Have been experiencing some strange issues with one of our Servers a HP Proliant ML350 running 2008, it randomly switches off and starts up again. This isn't a clean shutdown and happens mainly at night, in fact its only happened twice or there about in the last 6 months during the day, but has happened 19 times during the night in the same period.
Checking event viewer / system logs I'm left with "The previous system shutdown at 05:06:51 on 24/10/2011 was unexpected." looking at all other logs there is non that are even close to the shutdown times.
After this, last Thursday during the night the server switched off but this time was stuck on a blank screen with "internal health problem" and "external (power supply) health problem" I was unaware of the internal health LEDs so didn't check but switching the UPS off and back on and the server booted fine. This is the first time its done this so as you can understand - quite worried! Checked temperature both with software and a temp probe. It seems to be fine, nothing over 40 degrees. All fans are running. Everything is working OK even when the server is under load.

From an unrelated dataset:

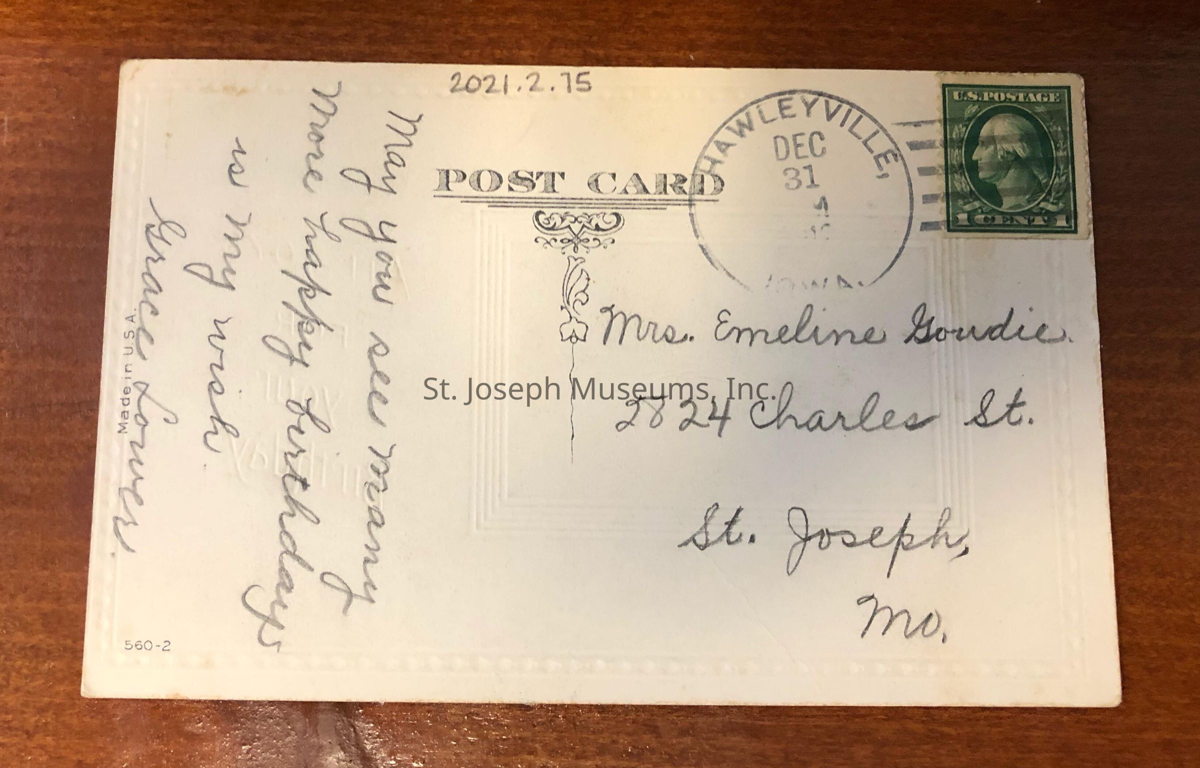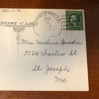 Mrs Emaline Goudie Postcard dated Dec 31, 1912.

There is no scheduled tasks, but as I said before the times are completely random.
I was thinking it could be a UPS problem but there is another server attached to this which doesn't reboot, and its just had a new battery.
Also i have had a few problems recent with HP servers and drivers - so worth updating all the drivers and if they are the latest version maybe roll back to the previous release and then see if it carries on.
The reboots are really intermittent, like some have been a week apart. So I'm trying to do it slowly to try find out the problem. Still nothing showing in logs. Did a windows update on Friday and so far so good, but it could just be waiting!
Dave - it does come with ILO, wasn't aware it could do that / never got round to setting it up so I will have a look at that tomorrow! Thanks
Ben - I haven't no, the first time it appeared to be a hardware issue was the other week and I haven't been able to power down the server since then. I did upgrade the RAM last Christmas, and ran a memtest on the new and old ram and it was all fine. So I'm hoping that it hasn't only lasted 6months! I'll make sure that these are my next things to check though, hopefully ILO will indicate if there is problems. Cheers
Damn - Last night another restart. Literally the server sits there. I haven't made any changes to it. I've had remote desktop open to it, and literally checked its still their every 15mins like a mad man.
I've checked ILO - I'm assuming you mean the ILO2 log on the System Status page?
Informational iLO 2 11/17/2011 22:51 11/17/2011 22:51 1 Server power restored.
Informational iLO 2 11/17/2011 22:51 11/17/2011 22:51 1 Server power removed.
So this refers to the reboot Yesterday. The only log before this is:
Informational iLO 2 11/11/2011 19:01 11/11/2011 19:01 1 Server power restored.
Caution iLO 2 11/11/2011 19:01 11/11/2011 19:01 1 Server reset.
Which is when I restarted the server for Windows Updates.
In the IML the last entry is on the 6th:
Caution POST Message 11/06/2011 05:56 11/06/2011 05:56 1 POST Error: 1778-Drive Array Resuming Automatic Data Recovery Process
Which coincides with another crash.
Everything in System information is OK.
I've upgraded the ILO firmware to the latest.
So does this mean I don't have hardware issues? Or could I still but their not registering?
Not sure how to check Plexer. According to ILO its OK, surely if it was on its way out, when the server is under load it would cut out?
However the hardware lights (that have only happened once) did indicate internal problem and external problem. Apparently an external problem is the PSU.
It is connected to a UPS - which has just got a new battery, according the software the UPS is fine. Running the tests it can keep the servers powered up. Connected to the same UPS is another server - which isn't rebooting so I scrapped the idea of it being the UPS??
Install latest driver
Install the latest firmware for all components (NICs, BIOS, Power managment controler, RAID controller firmware) you can use the firmware update CD from HP or do it manually in Windows with the HP downloads.
Use the Insite diagnostics from the latest smartstart CD to run a memory test that allows for ECC RAM and other avalible tests.
Ramp the CPU up to 100% and leave it there for a few hours (folding@home SMP is a good one for this) to check for CPU overheat/point overheating (areas of CPU not near the temp sensor overheating before the temp sensor registers it)
Swap the PSU to the other PSU bay, swap the PSU with another one from another identical server.